__Material shown__
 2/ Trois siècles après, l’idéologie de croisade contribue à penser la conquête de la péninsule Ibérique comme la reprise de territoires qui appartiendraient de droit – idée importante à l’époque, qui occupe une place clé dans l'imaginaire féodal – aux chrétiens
---
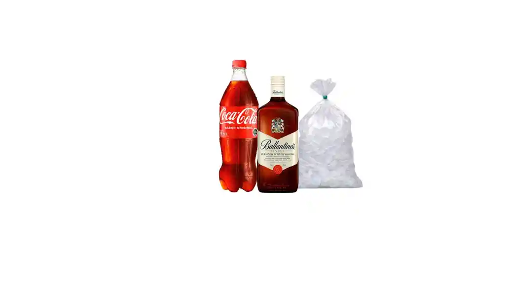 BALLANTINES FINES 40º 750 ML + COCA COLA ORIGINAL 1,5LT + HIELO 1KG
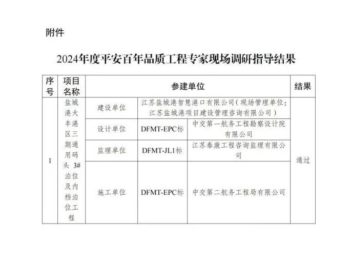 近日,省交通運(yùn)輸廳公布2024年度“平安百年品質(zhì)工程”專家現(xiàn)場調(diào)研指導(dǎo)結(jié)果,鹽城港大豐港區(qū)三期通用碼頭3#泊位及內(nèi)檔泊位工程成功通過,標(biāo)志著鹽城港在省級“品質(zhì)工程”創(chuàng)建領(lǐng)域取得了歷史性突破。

__Exercise brief__
Copy nothing but the lines above that run from the one with "BALLANTINES FINES 40º" to the one with "近日,省交通運(yùn)輸廳", ends included; pictures stay out.

__Answer to the exercise__
 BALLANTINES FINES 40º 750 ML + COCA COLA ORIGINAL 1,5LT + HIELO 1KG
 近日,省交通運(yùn)輸廳公布2024年度“平安百年品質(zhì)工程”專家現(xiàn)場調(diào)研指導(dǎo)結(jié)果,鹽城港大豐港區(qū)三期通用碼頭3#泊位及內(nèi)檔泊位工程成功通過,標(biāo)志著鹽城港在省級“品質(zhì)工程”創(chuàng)建領(lǐng)域取得了歷史性突破。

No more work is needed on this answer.